[Dataset section]:
┌────────

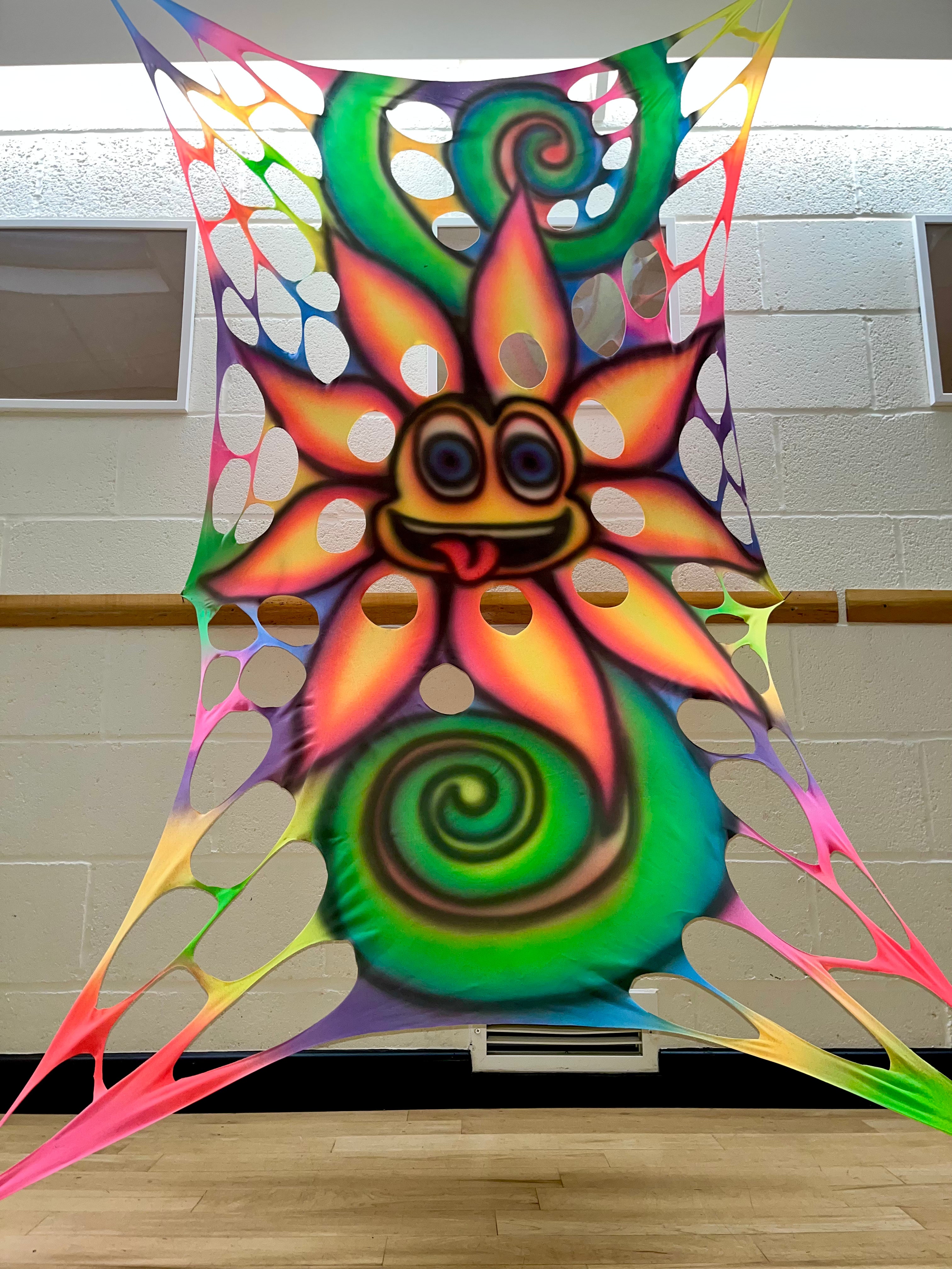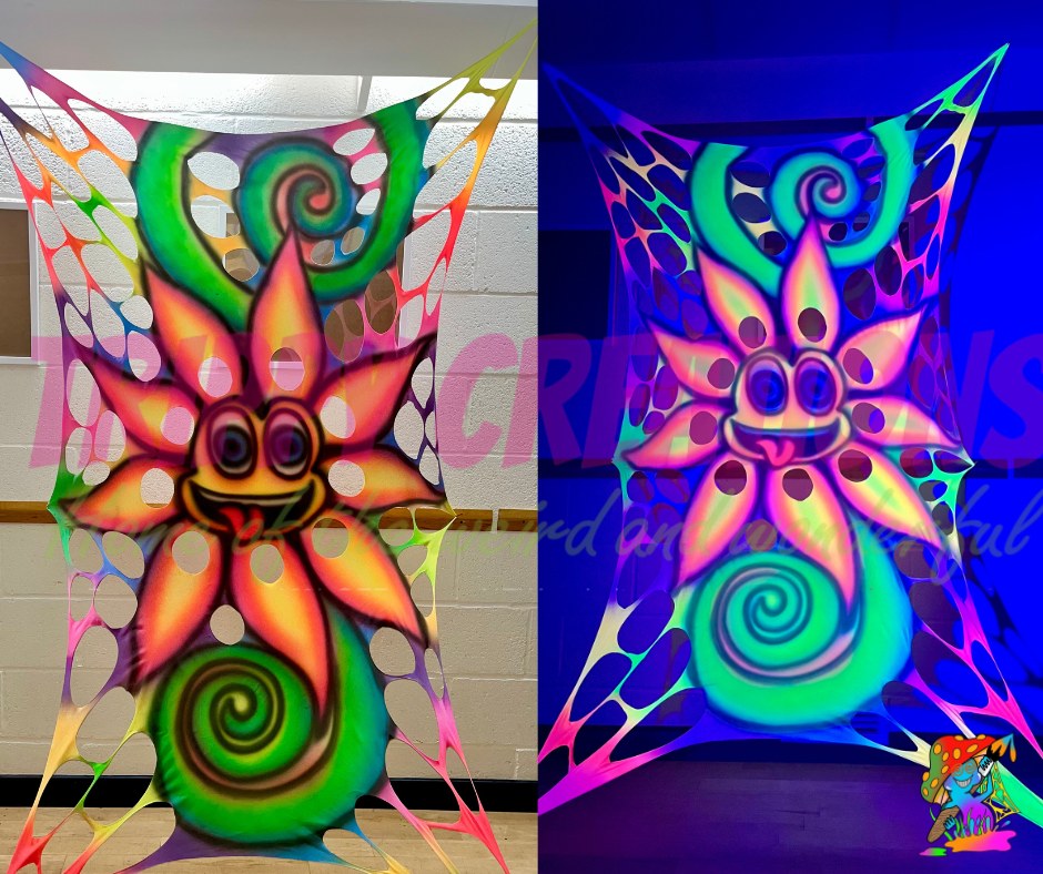 Bring trippy, psychedelic vibes to your space with this custom-made UV wall hanging! Featuring a cheeky flower face with its tongue out, each piece is hand airbrushed in vibrant neon colors that glow under blacklight, making it a standout decor piece for anyone into funky man cave decor, trippy room setups, or bold party installations.
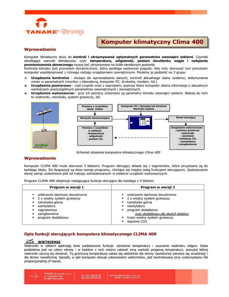 Komputer klimatyczny Clima 400 Wprowadzenie Komputer klimatyczny słuŜy do kontroli i utrzymywania optymalnych parametrów wewnątrz szklarni. Czynniki określające warunki klimatyczne, czyli: temperatura, wilgotność, poziom dwutlenku węgla i natęŜenie promieniowania słonecznego muszą być utrzymywane na ściśle określonym poziomie. Kontrola klimatu jest procesem dynamicznym, który podlega wpływowi pogody. Aby móc sterować tym procesem komputer współpracować z róŜnego rodzaju urządzeniami zewnętrznymi. MoŜemy je podzielić na 3 grupy: Urządzenia kontrolne - słuŜące do wprowadzania danych, kontroli aktualnego stanu systemu, dokonywania zmian w parametrach (monitor z klawiaturą, komputer PC, drukarka, modem, itd.) Urządzenia pomiarowe - czyli czujniki wraz z osprzętem, poprzez które komputer zbiera informacje o aktualnych wartościach poszczególnych parametrów wewnętrznych i zewnętrznych. Urządzenia wykonawcze - przy ich pomocy zmieniane są parametry klimatu wewnątrz szklarni. NaleŜą do nich to wietrzniki, cieniówki, system grzewczy, itd. Pomiary z czujników stacji meteo Komputer PC z Synoptą lub terminal Wartości zadane Panel sterujący Skrzynki wzmacniające Urządzenia wykonawcze: - systemy grzewcze - wietrzniki - cieniówki - instalacja CO2 - wentylatory - zamgławiacze Pomiary z czujników w szklarni: - temperatura - wilgotność - poziom CO2 Schemat działania komputera klimatycznego Clima 400 Wprowadzenie Komputer CLIMA 400 moŜe sterować 4 blokami. Program sterujący składa się z segmentów, które przypisane są do kaŜdego bloku. Do dyspozycji są dwie wersje programu, róŜniące się między sobą funkcjami sterującymi. Zastosowanie danej wersji uzaleŜnione jest od rodzaju zainstalowanych w obiekcie urządzeń wykonawczych. Program CLIMA 400 obejmuje następujące funkcje sterujące dla kaŜdego z 4 bloków: Program w wersji 1 wietrzenie dachowe dwustronne 2 x wodny system grzewczy cieniówka górna wentylatory nagrzewnica zamgławianie program dodatkowy Program w wersji 2 wietrzenie dachowe dwustronne 2 x wodny system grzewczy cieniówka górna wentylatory program dodatkowy oraz dodatkowo dla dwóch bloków: trzeci wodny system grzewczy stęŜenie CO2 Opis funkcji sterujących komputera klimatycznego CLIMA 400 WIETRZENIE Wietrzniki w szklarni spełniają dwie podstawowe funkcje: obniŜanie temperatury i usuwanie nadmiaru wilgoci. Doba podzielona jest na cztery okresy i w kaŜdym z nich moŜna ustawić inną wartość progową temperatury, powyŜej której wietrzniki zaczną się otwierać. Tę graniczną temperaturę ustala się oddzielnie dla strony zawietrznej (otwiera się wcześniej) i dla strony nawietrznej. Sposób, w jaki komputer steruje ustawieniem wietrzników, jest kontrolowany przy wykorzystaniu fali proporcjonalnej (P-band). SYSTEMY GRZEWCZE Kontrola systemów grzewczych odbywa się na podstawie pomiaru temperatury powietrza w szklarni. Komputer steruje temperaturą w szklarni poprzez sterowanie pracą pomp obiegowych i odpowiednie ustawienie zaworów mieszających, dodając do obiegu w zaleŜności od potrzeb większą lub mniejszą ilość ciepłej wody z pieca. W ten sposób utrzymuje wyliczoną przez siebie temperaturę rur grzewczych. W przypadku systemów ogrzewania gorącym powietrzem, komputer steruje załączaniem nagrzewnic. KOTARY (CIENIÓWKI) W komputerach serii CLIMA 400 moŜemy wyróŜnić trzy rodzaje kotar. Mogą one być stosowane jako: - osłona przed ucieczką ciepła tj. ekrany termiczne, - zabezpieczenie roślin przed nadmiernym promieniowaniem słonecznym, tj. kotary cieniujące, - narzędzie do regulacji długości dnia, tj. kotary zaciemniające. Przed zamknięciem lub otwarciem cieniówki, komputer moŜe odpowiednio zmienić parametry systemu grzewczego. W ten sposób moŜna do minimum ograniczyć wzrost temperatury po zamknięciu oraz spadek po otwarciu cieniówki. Cieniówka jest otwierana stopniowo, z moŜliwością ustalenia poszczególnych kroków i przerw między nimi. WENTYLATORY Ich włączanie moŜe być determinowane szeregiem okoliczności: - temperatura powietrza - wentylatory są włączane, jeśli zmierzona temperatura odbiega zbytnio (w górę lub w dół) od wartości zadanej dla głównego systemu grzewczego; - wilgotność - wentylatory są włączane, gdy wilgotność odbiega zbytnio od maksymalnej dopuszczalnej wartości; - cieniówki - moŜna zaprogramować włączenie wentylatorów w czasie zamykania cieniówek; - dozowanie dwutlenku węgla - moŜliwe jest włączenie wentylatorów w czasie, gdy ma miejsce dozowanie dwutlenku węgla. ZAMGŁAWIANIE (tylko w wersji 1 programu) Istnieje moŜliwość sterowania instalacją zamgławiającą (zraszającą). Sygnał do jej uruchomienia moŜe zostać podany przez komputer w przypadku zbyt niskiej wilgotności lub zbyt wysokiej temperatury. Istnieje moŜliwość ustalenia, w jakim okresie dnia ta funkcja ma być aktywna. STĘśENIE DWUTLENKU WĘGLA (tylko w wersji 2 programu) Oprogramowanie komputera CLIMA 400 pozwala na sterowanie róŜnego rodzaju systemami dozującymi dwutlenek węgla. MoŜe to być sterowanie centralne (z pieca lub z butli) lub teŜ z podziałem na poszczególne bloki (wytwornice CO2 lub zawory dozujące). W programie określa się czas dozowania i poziomy CO2 oraz ustala wpływ róŜnych czynników zewnętrznych. Oprogramowanie Synopta Do komputera CLIMA 400 dołączony jest moduł podstawowy oprogramowania Synopta, który umoŜliwia wprowadzanie i przeglądanie danych do systemu. Oprogramowanie instalowane jest na komputerze typu PC i pracuje w środowisku Windows. Synopta ma budowę modułową, dzięki czemu moŜna ją wzbogacać o kolejne funkcje, w zaleŜności od aktualnych potrzeb uŜytkownika. Poszczególne moduły rozszerzające pozwalają na gromadzenie i obróbkę duŜej ilości danych oraz tworzenie czytelnych zestawień prezentowanych w formie wykresów i tabel. Oprócz prezentacji na ekranie da
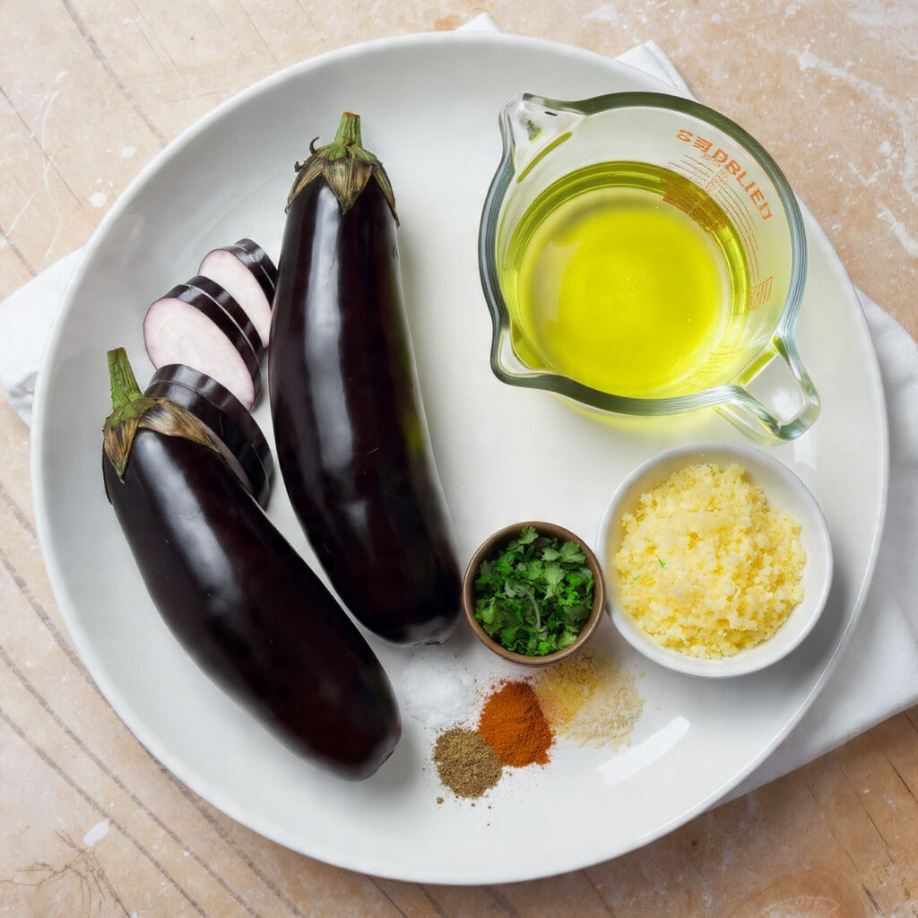 - Eggplants: 2 medium, sliced into ½-inch rounds. Meaty and perfect for roasting.
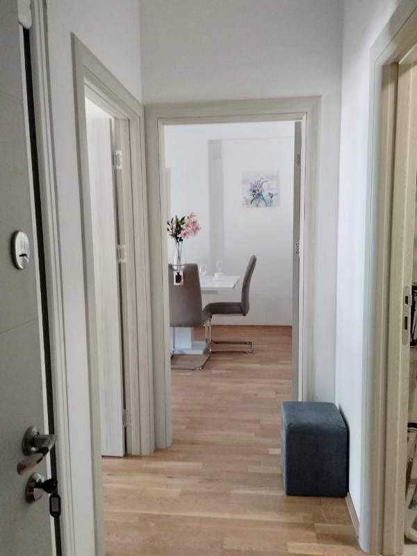 One-room apartment with Italian furniture near HDL in Budva! An area of 50 m2 consists of a living room, dining area, kitchen, bedroom, bathroom with shower and balcony - mountain view. Furniture from Italy, with appliances, parquet flooring, building with a modern, quiet elevator. Located in Budva, Lazi district, 950 meters from the sea, excellent location near HDL market, new School, Kuzhina restaurant, a monastery will be built.

└────────

[Exercise prompt]: Give the listing above again in its entirety and exactly; do not include the pictures.

[Solution to this task]:
 Bring trippy, psychedelic vibes to your space with this custom-made UV wall hanging! Featuring a cheeky flower face with its tongue out, each piece is hand airbrushed in vibrant neon colors that glow under blacklight, making it a standout decor piece for anyone into funky man cave decor, trippy room setups, or bold party installations.
 Komputer klimatyczny Clima 400 Wprowadzenie Komputer klimatyczny słuŜy do kontroli i utrzymywania optymalnych parametrów wewnątrz szklarni. Czynniki określające warunki klimatyczne, czyli: temperatura, wilgotność, poziom dwutlenku węgla i natęŜenie promieniowania słonecznego muszą być utrzymywane na ściśle określonym poziomie. Kontrola klimatu jest procesem dynamicznym, który podlega wpływowi pogody. Aby móc sterować tym procesem komputer współpracować z róŜnego rodzaju urządzeniami zewnętrznymi. MoŜemy je podzielić na 3 grupy: Urządzenia kontrolne - słuŜące do wprowadzania danych, kontroli aktualnego stanu systemu, dokonywania zmian w parametrach (monitor z klawiaturą, komputer PC, drukarka, modem, itd.) Urządzenia pomiarowe - czyli czujniki wraz z osprzętem, poprzez które komputer zbiera informacje o aktualnych wartościach poszczególnych parametrów wewnętrznych i zewnętrznych. Urządzenia wykonawcze - przy ich pomocy zmieniane są parametry klimatu wewnątrz szklarni. NaleŜą do nich to wietrzniki, cieniówki, system grzewczy, itd. Pomiary z czujników stacji meteo Komputer PC z Synoptą lub terminal Wartości zadane Panel sterujący Skrzynki wzmacniające Urządzenia wykonawcze: - systemy grzewcze - wietrzniki - cieniówki - instalacja CO2 - wentylatory - zamgławiacze Pomiary z czujników w szklarni: - temperatura - wilgotność - poziom CO2 Schemat działania komputera klimatycznego Clima 400 Wprowadzenie Komputer CLIMA 400 moŜe sterować 4 blokami. Program sterujący składa się z segmentów, które przypisane są do kaŜdego bloku. Do dyspozycji są dwie wersje programu, róŜniące się między sobą funkcjami sterującymi. Zastosowanie danej wersji uzaleŜnione jest od rodzaju zainstalowanych w obiekcie urządzeń wykonawczych. Program CLIMA 400 obejmuje następujące funkcje sterujące dla kaŜdego z 4 bloków: Program w wersji 1 wietrzenie dachowe dwustronne 2 x wodny system grzewczy cieniówka górna wentylatory nagrzewnica zamgławianie program dodatkowy Program w wersji 2 wietrzenie dachowe dwustronne 2 x wodny system grzewczy cieniówka górna wentylatory program dodatkowy oraz dodatkowo dla dwóch bloków: trzeci wodny system grzewczy stęŜenie CO2 Opis funkcji sterujących komputera klimatycznego CLIMA 400 WIETRZENIE Wietrzniki w szklarni spełniają dwie podstawowe funkcje: obniŜanie temperatury i usuwanie nadmiaru wilgoci. Doba podzielona jest na cztery okresy i w kaŜdym z nich moŜna ustawić inną wartość progową temperatury, powyŜej której wietrzniki zaczną się otwierać. Tę graniczną temperaturę ustala się oddzielnie dla strony zawietrznej (otwiera się wcześniej) i dla strony nawietrznej. Sposób, w jaki komputer steruje ustawieniem wietrzników, jest kontrolowany przy wykorzystaniu fali proporcjonalnej (P-band). SYSTEMY GRZEWCZE Kontrola systemów grzewczych odbywa się na podstawie pomiaru temperatury powietrza w szklarni. Komputer steruje temperaturą w szklarni poprzez sterowanie pracą pomp obiegowych i odpowiednie ustawienie zaworów mieszających, dodając do obiegu w zaleŜności od potrzeb większą lub mniejszą ilość ciepłej wody z pieca. W ten sposób utrzymuje wyliczoną przez siebie temperaturę rur grzewczych. W przypadku systemów ogrzewania gorącym powietrzem, komputer steruje załączaniem nagrzewnic. KOTARY (CIENIÓWKI) W komputerach serii CLIMA 400 moŜemy wyróŜnić trzy rodzaje kotar. Mogą one być stosowane jako: - osłona przed ucieczką ciepła tj. ekrany termiczne, - zabezpieczenie roślin przed nadmiernym promieniowaniem słonecznym, tj. kotary cieniujące, - narzędzie do regulacji długości dnia, tj. kotary zaciemniające. Przed zamknięciem lub otwarciem cieniówki, komputer moŜe odpowiednio zmienić parametry systemu grzewczego. W ten sposób moŜna do minimum ograniczyć wzrost temperatury po zamknięciu oraz spadek po otwarciu cieniówki. Cieniówka jest otwierana stopniowo, z moŜliwością ustalenia poszczególnych kroków i przerw między nimi. WENTYLATORY Ich włączanie moŜe być determinowane szeregiem okoliczności: - temperatura powietrza - wentylatory są włączane, jeśli zmierzona temperatura odbiega zbytnio (w górę lub w dół) od wartości zadanej dla głównego systemu grzewczego; - wilgotność - wentylatory są włączane, gdy wilgotność odbiega zbytnio od maksymalnej dopuszczalnej wartości; - cieniówki - moŜna zaprogramować włączenie wentylatorów w czasie zamykania cieniówek; - dozowanie dwutlenku węgla - moŜliwe jest włączenie wentylatorów w czasie, gdy ma miejsce dozowanie dwutlenku węgla. ZAMGŁAWIANIE (tylko w wersji 1 programu) Istnieje moŜliwość sterowania instalacją zamgławiającą (zraszającą). Sygnał do jej uruchomienia moŜe zostać podany przez komputer w przypadku zbyt niskiej wilgotności lub zbyt wysokiej temperatury. Istnieje moŜliwość ustalenia, w jakim okresie dnia ta funkcja ma być aktywna. STĘśENIE DWUTLENKU WĘGLA (tylko w wersji 2 programu) Oprogramowanie komputera CLIMA 400 pozwala na sterowanie róŜnego rodzaju systemami dozującymi dwutlenek węgla. MoŜe to być sterowanie centralne (z pieca lub z butli) lub teŜ z podziałem na poszczególne bloki (wytwornice CO2 lub zawory dozujące). W programie określa się czas dozowania i poziomy CO2 oraz ustala wpływ róŜnych czynników zewnętrznych. Oprogramowanie Synopta Do komputera CLIMA 400 dołączony jest moduł podstawowy oprogramowania Synopta, który umoŜliwia wprowadzanie i przeglądanie danych do systemu. Oprogramowanie instalowane jest na komputerze typu PC i pracuje w środowisku Windows. Synopta ma budowę modułową, dzięki czemu moŜna ją wzbogacać o kolejne funkcje, w zaleŜności od aktualnych potrzeb uŜytkownika. Poszczególne moduły rozszerzające pozwalają na gromadzenie i obróbkę duŜej ilości danych oraz tworzenie czytelnych zestawień prezentowanych w formie wykresów i tabel. Oprócz prezentacji na ekranie da
 - Eggplants: 2 medium, sliced into ½-inch rounds. Meaty and perfect for roasting.
 One-room apartment with Italian furniture near HDL in Budva! An area of 50 m2 consists of a living room, dining area, kitchen, bedroom, bathroom with shower and balcony - mountain view. Furniture from Italy, with appliances, parquet flooring, building with a modern, quiet elevator. Located in Budva, Lazi district, 950 meters from the sea, excellent location near HDL market, new School, Kuzhina restaurant, a monastery will be built.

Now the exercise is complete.